Gleason: Wait a minute, what's mycology?

Burleigh: Mycology is the study of mushrooms and mycelium. Lichens fall in that category as well. But it's a really cool club of people who want to go into the woods and look real close at the forest floor and find interesting forms of life.

Gleason: Sort of the new science really, of biology, I think.

Burleigh: It's quite understudied in our Western culture.

Gleason: And the CNC, which is basically the Spanish news collaboration here in the valley.

Burleigh: Right. As part of my role as, uh, editor of the Sopris Sun, I've served on the CoWest Noticias Collaborative, which is a grouping of different news organizations here in the [Roaring Fork] valley promoting Spanish language news. One board that I'm serving on, which I intend to continue to serve on from a distance is the Sol Del Valle Advisory Council.

Gleason: Talk about some of your successes at the Sopris Sun something that you're proud of there, or that you think you and the staff achieved.

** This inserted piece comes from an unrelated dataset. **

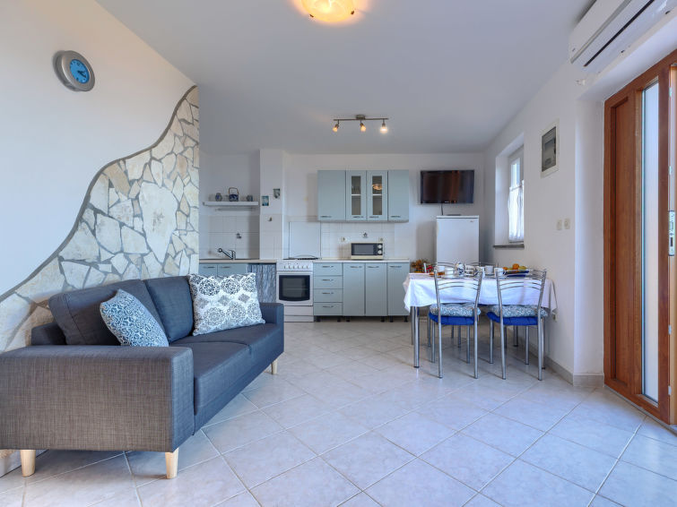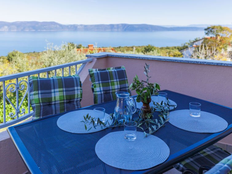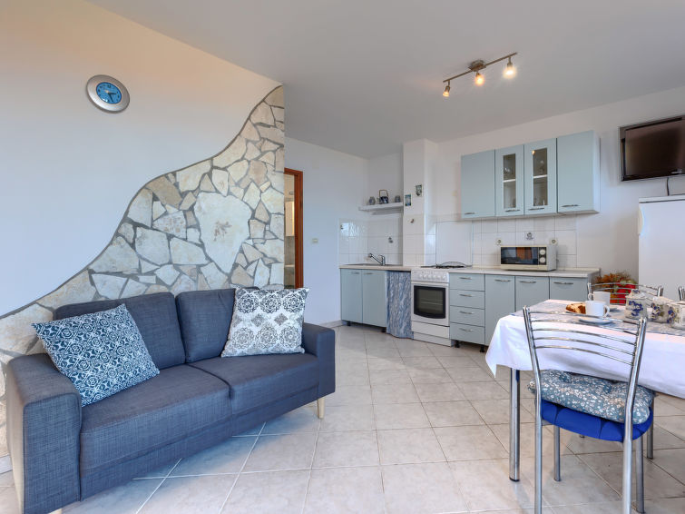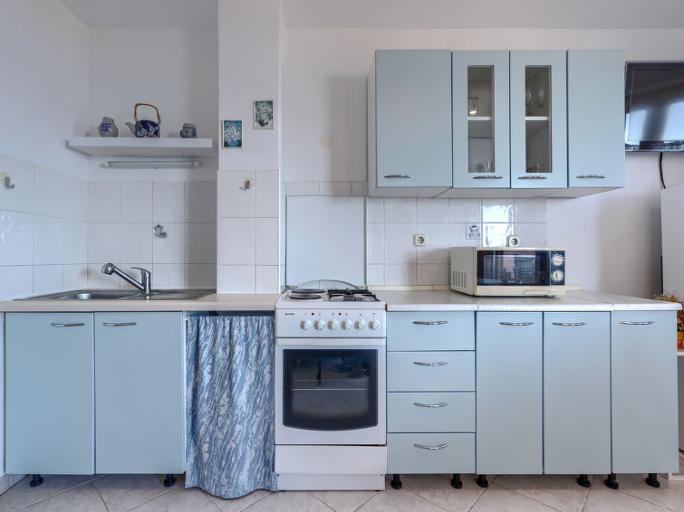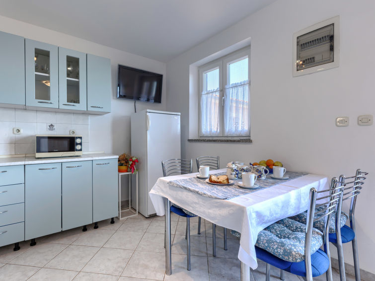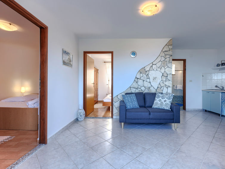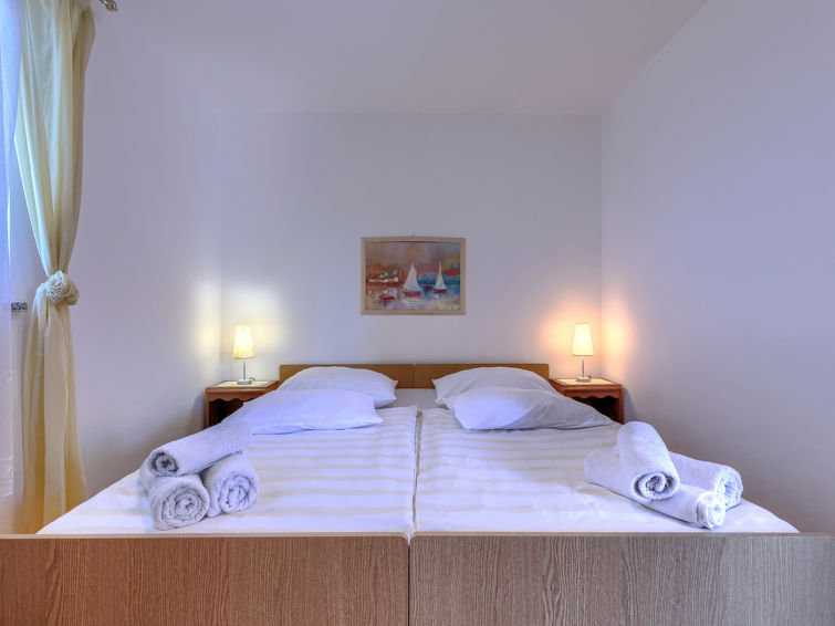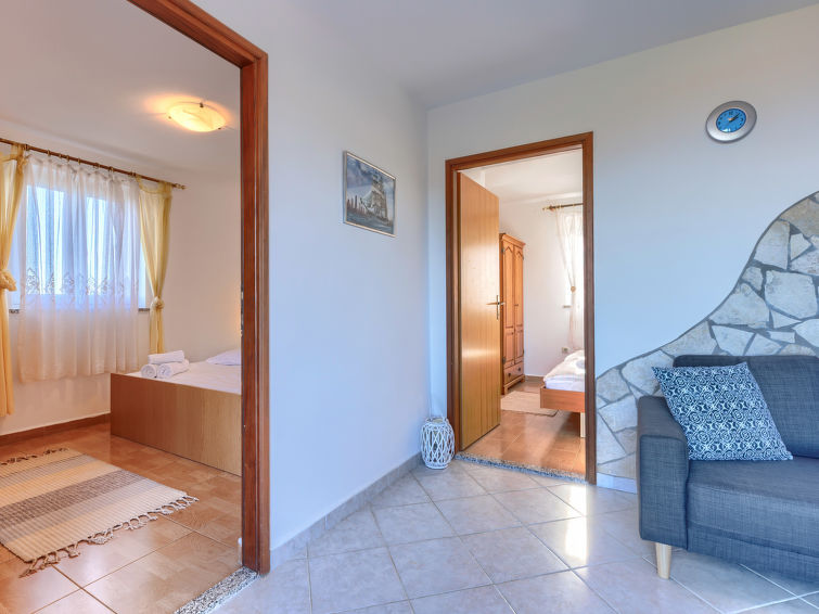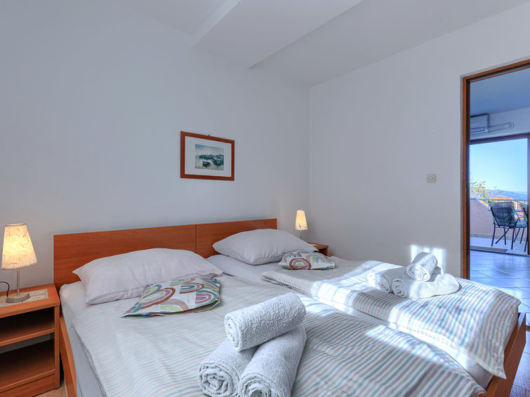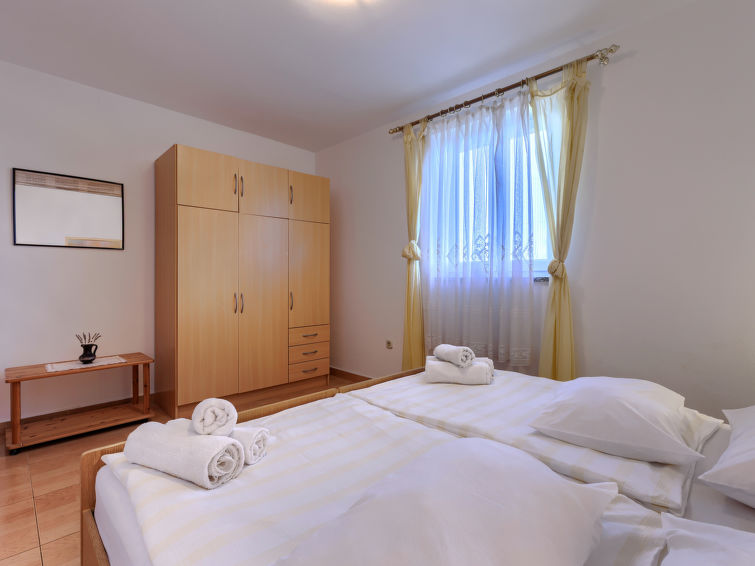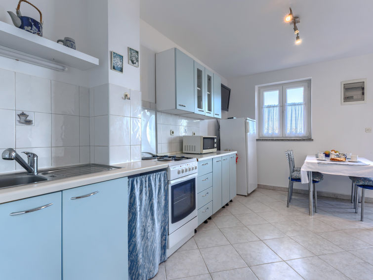 "Teo (LBN154)", 3 rom leilighet 56 m2 i 1st etasje. Stue/spisestue med, satelit-TV og air-conditioning. Utgang til terrassen. 2 rom, hvert rom med 2 senger. Åpent kjøkken (4 kokeplater, stekeovn, brødrister, vannkoker, mikrobølgeovn, frys, elektrisk kaffemaskin). Dusj/WC. Oppvarmingsalternativ. Terrasse 15 m2. Terrassemøbler, liggestoler (2). Utsikt av havet. Fasiliteter: Internett (trådløs LAN [WLAN], gratis). Vennligst merk: røykfritt hus.

Burleigh: I went into it very much desiring to add a Spanish section to the newspaper. This has grown now to a 16-page newspaper, a standalone called Sol Del Valle, which is very much made so much stronger thanks to all of the organizations that form a part of the CoWest Noticias Collaborative. We also added a youth journalism program, educating high schoolers about the craft of journalism, which is very effectively held by James Steindler, my contributing editor, who gives his whole heart to that program and those students. It's now called the Sopris Stars and is the monthly insert in the Sopris Sun. We also added a fiction section, which James has also shepherded, highlighting people's poetry, photography, and creative works in our newspaper every week.

And I would say that the introduction of art, most specifically in the form of Larry Day and his talents has been very effective at elevating the newspaper and grabbing people's attention and pulling them into articles. Amy Hadden Marsh's excellent Garfield County reports are made even better by Larry Day's Artwork.

I think, generally bringing more art into the paper, resurrecting our radio show, [and] growing our freelance pool.

Gleason: Well, where to Raleigh?

Burleigh: Well, I want to preface this by saying that my decision to leave the Sopris Sun has nothing to do with the organization being anything less than incredible. I so appreciate all of my coworkers there. All of the freelance contributors, all of the supporters, our board of directors. And my decision comes more from a personal desire to challenge myself in a new context. Carbondale has been my home for most of my life. I was born and raised here and moved back about nine years ago.
And so I just feel this stirring in my soul to get out there and explore new contexts and see where that takes me.

Gleason:  Okay. Thank you very much.

Burleigh: Thank you, Marilyn.

Gleason: Burleigh will continue leading the Sun until the end of March. He plans to move to Silver City, New Mexico, a town with a community radio station, a newspaper, and more affordable housing options.
No successor has yet been named. That will happen in February at a fundraising party for the Sopris Sun to which all are invited.

Marilyn Gleason is the graduate of CU Boulder's journalism school. She started her radio career in the Roaring Fork Valley at KAJX in Aspen, then came to KDNK in 2000 as the station was in the early stages of forming a local news program. Marilyn returns to direct a growing news team at KDNK.